Macro Economics: Supply and Demand and Such

This is almost a followup to the earlier post on inflation, but at times I'll be neglecting some of the complications I mentioned earlier.  If I were a paid teacher I'd feel embarrassed about my pedagogy here, but as I'm just a blogger I'll shrug and move on.

When you read in the news that the price of, say, hats has gone up recently do you have any reason to think that there were more or less hats sold recently?  You might think about an individual store raising its prices, resulting in less sales, but things like that seldom happen with a general prices level.  Generally, there are going to be two possible explanations.  It might be that hats suddenly became much more fashionable, and everyone wanted one.  Since people are willing to pay more for hats, shop owners will charge more - and the higher hat prices will cause people to produce more hats too (demand has risen).  Or it might be that a horrible felt plague has killed off all the felt plants and now the poor haberdashers aren't able to make hats for everyone who wants one. Since different people are willing to pay different amounts of money for hats, sellers are able to sell all their hats even if they raise their prices and just cater to the people willing to pay more for their hats (supply has fallen).  So just observing that prices have risen doesn't tell us whether quantities sold have risen or fallen.  Likewise, seeing the price decrease doesn't tell us if demand has fallen or if the supply has risen.

Economists studying the macro-economy, the overall production of everything rather than the production of just hat makers say, have concepts related to supply and demand called - sensibly enough - aggregate supply and aggregate demand.  These work a bit differently than supply and demand for any given good or service, because they're so inter-related.  A person might choose to spend their money on hats or not, but at least over the long run they're going to spend it on something - probably.  And to the extent that everyone is buying stuff people the money they spend ends up in  someone's pocket, and then people have more money to buy stuff with.  These complications make macro economics more confusing than micro economics, and so there's consequently a lot more debate among economists about the later than the former.

But everyone (except the Austrians) seems to agree that aggregate supply and aggregate demand are still useful concepts, so we have that at least.  But what sort of things make people spend more or less in aggregate?  Headware fashions aren't really big enough to show up at the scale of a country's GDP.  It turns out that there are several things that end up making people all over a country spend more or less in general.  Lets take the Wealth Effect.  Generally when people feel that they have a bunch of money to spend, even if its not money but stock or houses or whatever, they're more likely to spend what they do have.  So if house prices crashed across the nation you'd expect that people would buy less stuff, and that prices of things would decrease (deflation).  Conversely, you can have supply shocks big enough to effect the macro-economy too, if say a war in the middle east disrupts the oil supply or such.  When that happens you expect that people will buy less stuff, but that prices will go up in general (infaltion).

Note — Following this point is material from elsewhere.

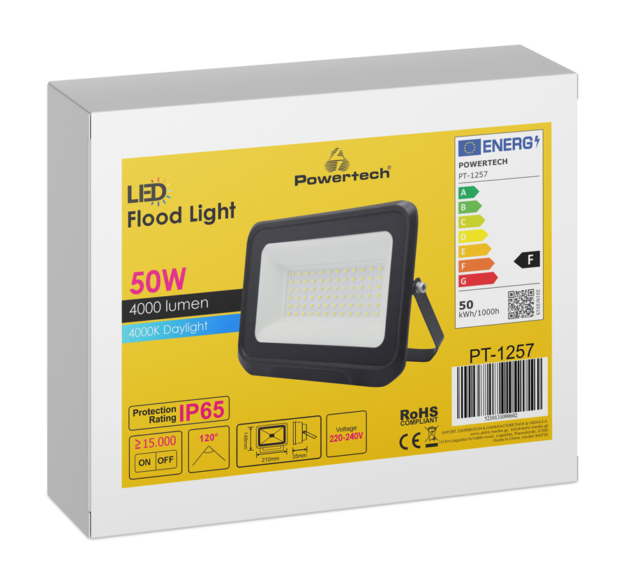 Powertech LED προβολέας εξωτερικού χώρου ισχύος 50W και φωτεινή ροή 4000 lumens.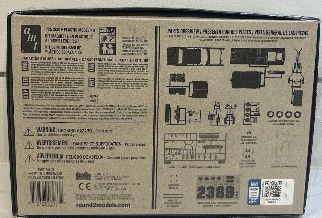 - AMT 1/25 007 1970 Ford Galaxie Police Car Plastic Model Kit Opened

Except there are some added complications about deflation that make it particularly bad for a couple of reasons.  One relates to central banks and interest rates which I might get into in some future blog post, but the other is sticky wages.  If you study psychology and human biases, sooner or later you ought to come across the concept of loss aversion (or you should find a new place to study).  People tend to be much more sensitive about losing things they have than they are about getting new things that they don't have, at least in economic circumstances when you're talking about money.  And people are very unhappy about taking pay cuts when a company becomes less profitable.  So much so that companies will usually fire 10% of their workforce rather than give everyone a 10% paycut.  It may suck for the 10% that get fired, but they aren't going to be around to complain, and thought he remaining 90% will be upset, they'll usually be less upset (or at least less likely to leave) than if they had gotten a paycut.   You can look at graphs of yearly pay changes for, say, US workers and you'll see this big bell-curve around whatever the inflation rate is, but at 0% there'll be a huge spike and below 0% there'll be almost nothing.  

And its important to see there, that even a purely nominal drop in aggregate prices without any real component can end up effecting the real economy, because if people get layed off they aren't making stuff any more, and the overall real economy shrinks.  I think I'll have to do another post later about what is generally done in these sorts of situations, but that'll be another post.